在試用這個範例之前，請先按照Python「使用用戶端程式庫的 Vision 快速入門導覽課程」中的設定說明操作。詳情請參閱 Vision Python API 參考說明文件。

如要向 Vision 進行驗證，請設定應用程式預設憑證。詳情請參閱「為本機開發環境設定驗證」。

def async_detect_document(gcs_source_uri, gcs_destination_uri):
    """OCR with PDF/TIFF as source files on GCS"""
    import json
    import re
    from google.cloud import vision
    from google.cloud import storage

    # Supported mime_types are: 'application/pdf' and 'image/tiff'
    mime_type = "application/pdf"

    # How many pages should be grouped into each json output file.
    batch_size = 2

    client = vision.ImageAnnotatorClient()

    feature = vision.Feature(type_=vision.Feature.Type.DOCUMENT_TEXT_DETECTION)

    gcs_source = vision.GcsSource(uri=gcs_source_uri)
    input_config = vision.InputConfig(gcs_source=gcs_source, mime_type=mime_type)

    gcs_destination = vision.GcsDestination(uri=gcs_destination_uri)
    output_config = vision.OutputConfig(
        gcs_destination=gcs_destination, batch_size=batch_size
    )

    async_request = vision.AsyncAnnotateFileRequest(
        features=[feature], input_config=input_config, output_config=output_config
    )

    operation = client.async_batch_annotate_files(requests=[async_request])

    print("Waiting for the operation to finish.")
    operation.result(timeout=420)

    # Once the request has completed and the output has been
    # written to GCS, we can list all the output files.
    storage_client = storage.Client()

    match = re.match(r"gs://([^/]+)/(.+)", gcs_destination_uri)
    bucket_name = match.group(1)
    prefix = match.group(2)

    bucket = storage_client.get_bucket(bucket_name)

    # List objects with the given prefix, filtering out folders.
    blob_list = [
        blob
        for blob in list(bucket.list_blobs(prefix=prefix))
        if not blob.name.endswith("/")
    ]
    print("Output files:")
    for blob in blob_list:
        print(blob.name)

    # Process the first output file from GCS.
    # Since we specified batch_size=2, the first response contains
    # the first two pages of the input file.
    output = blob_list[0]

    json_string = output.download_as_bytes().decode("utf-8")
    response = json.loads(json_string)

    # The actual response for the first page of the input file.
    first_page_response = response["responses"][0]
    annotation = first_page_response["fullTextAnnotation"]

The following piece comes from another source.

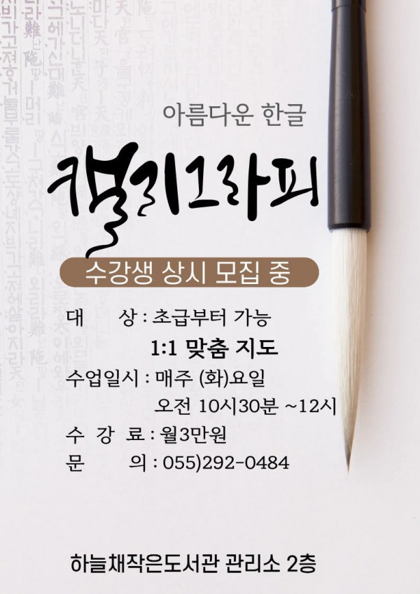 [마산회원구](하늘채작은도서관) 캘리그라피 수강생 모집 안내
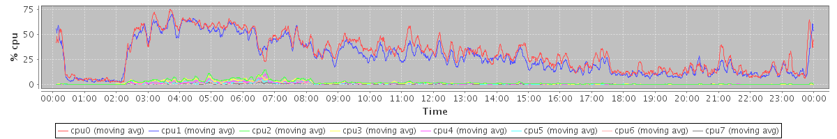 avg(cpu0) = 0.43 avg(cpu1) = 0.37 avg(cpu2) = 0.30 avg(cpu3) = 0.29 avg(cpu4) = 0.20 avg(cpu5) = 0.21 avg(cpu6) = 0.16 avg(cpu7) = 0.14

    # Here we print the full text from the first page.
    # The response contains more information:
    # annotation/pages/blocks/paragraphs/words/symbols
    # including confidence scores and bounding boxes
    print("Full text:\n")
    print(annotation["text"])

gcloud

使用的 gcloud 指令取決於檔案類型。

如要執行 PDF 文字偵測，請使用 gcloud ml vision detect-text-pdf 指令，如下列範例所示：
```
gcloud ml vision detect-text-pdf gs://my_bucket/input_file  gs://my_bucket/out_put_prefix
```
如要執行 TIFF 文字偵測，請使用 gcloud ml vision detect-text-tiff 指令，如下列範例所示：
```
gcloud ml vision detect-text-tiff gs://my_bucket/input_file  gs://my_bucket/out_put_prefix
```

其他語言

C#：請按照用戶端程式庫頁面上的C# 設定說明操作，然後前往 .NET 適用的 Vision 參考說明文件。

PHP：請按照用戶端程式庫頁面的 PHP 設定說明操作，然後前往 PHP 適用的 Vision 參考文件。

Ruby：請按照用戶端程式庫頁面的 Ruby 設定說明操作，然後前往 Ruby 適用的 Vision 參考說明文件。